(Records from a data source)
• • •
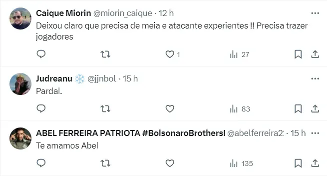 “E quero dizer que eu já não vou contratar mais ninguém, já contratamos os jogadores, que fiquem tranquilos e vem dar a vida quando vem jogar aqui contra o Palmeiras, calma”, falou Abel, sorrindo.
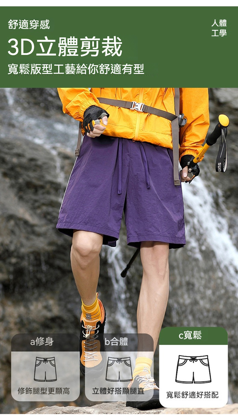 【戶外冰絲系列】吸濕速幹~新款輕薄涼感透氣防曬寬鬆休閒短褲
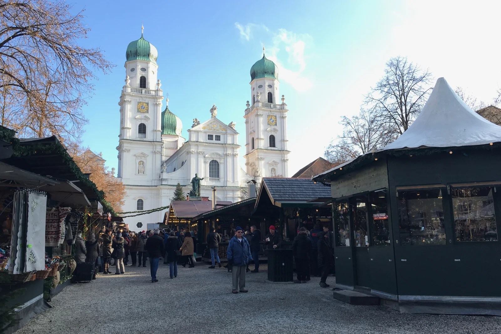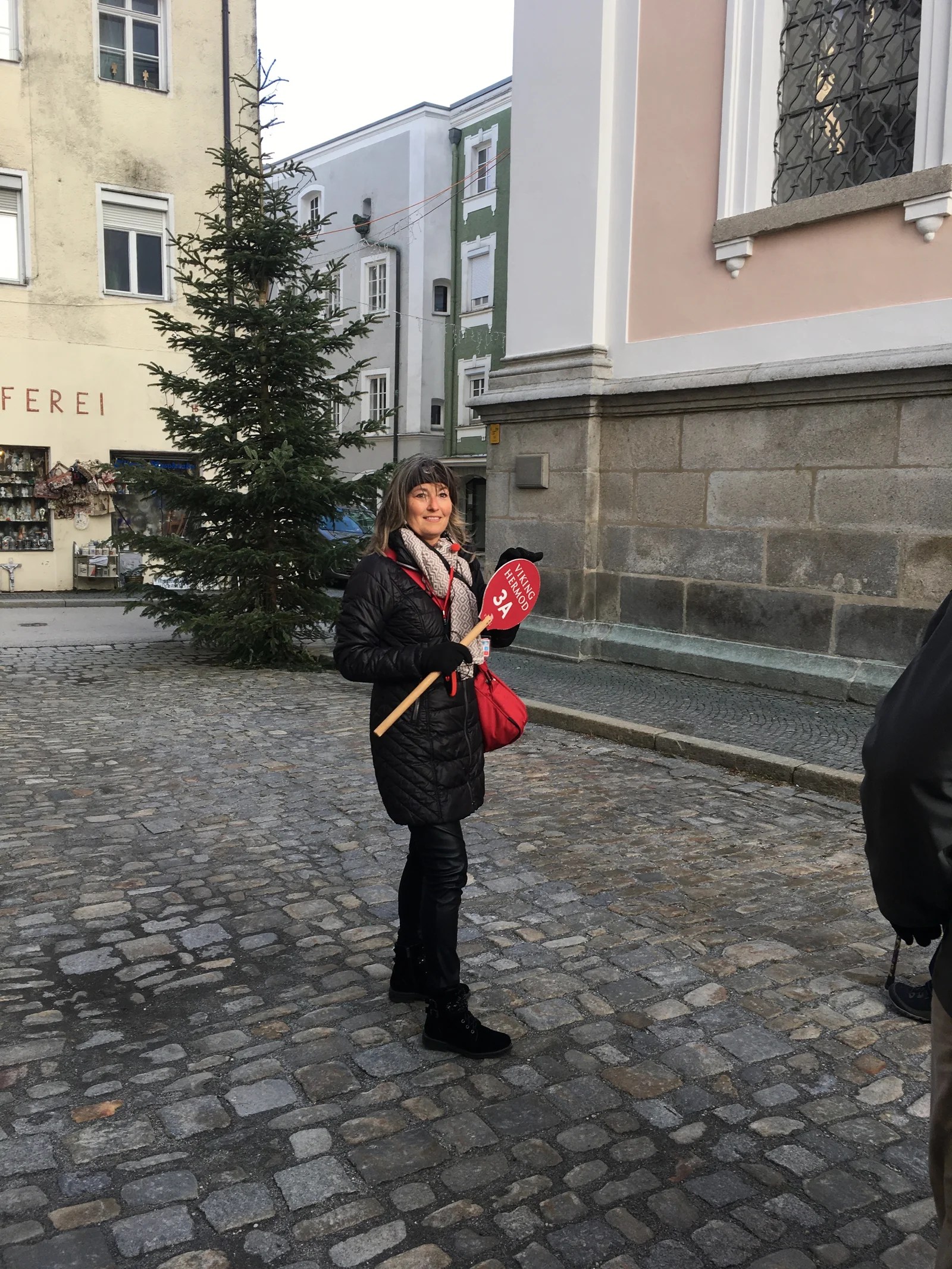 Mike and Ruth were out and about making their own discoveries, so Jan and I joined the welcome walk. Passau is such a pretty little town at the convergence of three rivers: the Danube, Inn and Ilz. The narrow streets led up to the main square. The Ve was docked within walking distance of the Christmas Market. Actually Passau proved to be a very walkable town. There was a lot to see in a compact area.
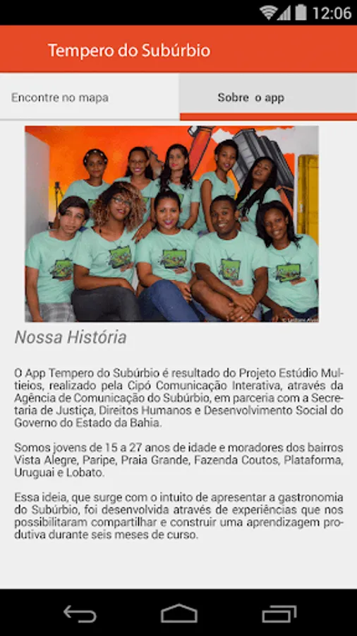 The App Tempero of Suburbia is a result of the Multimedia Studio Project, conducted by Cipo Interactive Communication, through the suburb Communications Agency, in partnership with the Department of Justice, Human Rights and Social Development of the State of Bahia. The Cipó Interactive Communication is a non-profit NGO, independent, which operates in Salvador transforming the lives of girls and boys working classes through communication.
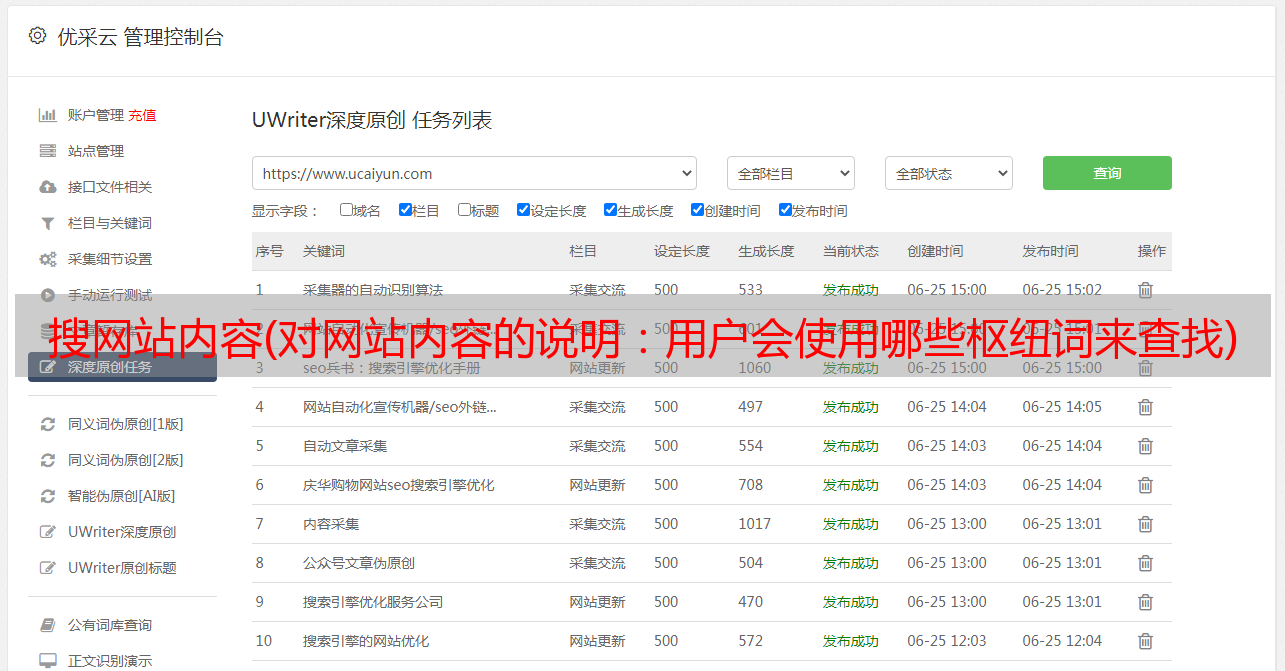 优采云 发布时间: 2021-12-27 18:18搜网站内容(对网站内容的说明:用户会使用哪些枢纽词来查找)
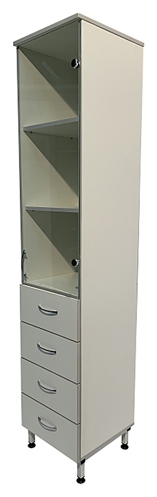 Лабораторный шкаф Мед Мебель ШЛ 15.005 с РУ предназначен для оптимизации рабочего пространства в медицинской лаборатории. Модель оснащена полками, выдвижными ящиками, дверцей и регулируемыми по высоте ножками. Шкаф выполнен из ЛДСП, дверца - из стекла, каркас - из стального профиля. Особенности:
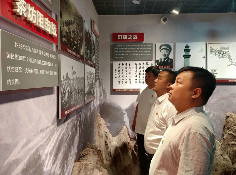 走進晉豫邊革命紀念館,同志們看到的是一副晉豫邊抗日根據地略圖,真實展現了晉豫邊地區(qū)人民不畏艱險頑強戰(zhàn)斗開創(chuàng)晉豫邊抗日根據地的斗爭精神。隨著講解員的步伐,同志們置身其中,從創(chuàng)建晉豫邊、玉川燃烽火、浴血太行山、逐鹿中原等八個方面了解到晉豫邊區(qū)根據地從抗日戰(zhàn)爭到解放戰(zhàn)爭長達11年的革命斗爭歷程,感受著老一輩革命家和晉豫邊人民在艱苦卓絕的環(huán)境下用鮮血和生命詮釋了中華民族的錚錚鐵骨和浩然正氣。在一幅幅珍貴的圖片和一件件戰(zhàn)斗紀念品中,大家的思緒被拉回戰(zhàn)火紛飛的年代,現場感受我們黨所走過的艱難曲折歷程,深刻理解和領會了中國共產黨的奮斗歷程和取得的偉大成就。
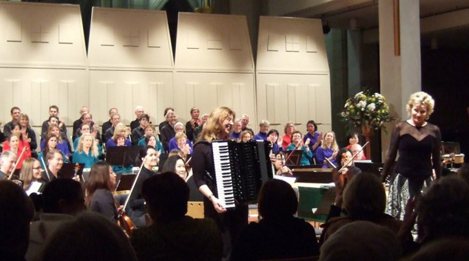 Accordionist Stephanie Poole performed the bandoneon parts,
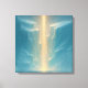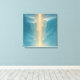 A huge glacial fissure opens beneath a ray of golden light that falls from above like a futuristic blessing.
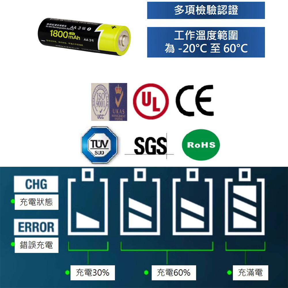 • 配件:充電器*1、TYPE C充電線*1、AA 3號電池*4、電池盒
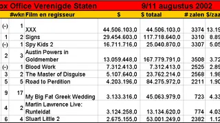 Een fascinerende titel op de eerste plaats van de Amerikaanse Box Office Toptien. XXX klinkt experimenteel, of naar een publieksonvriendelijke portie seks. In feite gaat het hier om een op en top commercieel product van het team achter The Fast and the Furious. Rob Cohen regisseerde deze platvloerse spionagefilm en Vin Diesel mocht het ruige antwoord geven op James Bond. Vakblad Variety omschrijft XXX als 'less a movie about an extreme sportsman-turned-James Bond- than it is a brawny commercial attraction strategically tapping into the auds for extreme sports, spy pix, thrill rides, popcorn actioners and anyone looking to see Diesel kick butt, blow stuff up and/or take his shirt off.' U bent gewaarschuwd.
• • •
The required result is the entries above, printed exactly from the first line through the line with "The App Tempero", pictures excluded.

 “E quero dizer que eu já não vou contratar mais ninguém, já contratamos os jogadores, que fiquem tranquilos e vem dar a vida quando vem jogar aqui contra o Palmeiras, calma”, falou Abel, sorrindo.
 【戶外冰絲系列】吸濕速幹~新款輕薄涼感透氣防曬寬鬆休閒短褲
 Mike and Ruth were out and about making their own discoveries, so Jan and I joined the welcome walk. Passau is such a pretty little town at the convergence of three rivers: the Danube, Inn and Ilz. The narrow streets led up to the main square. The Ve was docked within walking distance of the Christmas Market. Actually Passau proved to be a very walkable town. There was a lot to see in a compact area.
 The App Tempero of Suburbia is a result of the Multimedia Studio Project, conducted by Cipo Interactive Communication, through the suburb Communications Agency, in partnership with the Department of Justice, Human Rights and Social Development of the State of Bahia. The Cipó Interactive Communication is a non-profit NGO, independent, which operates in Salvador transforming the lives of girls and boys working classes through communication.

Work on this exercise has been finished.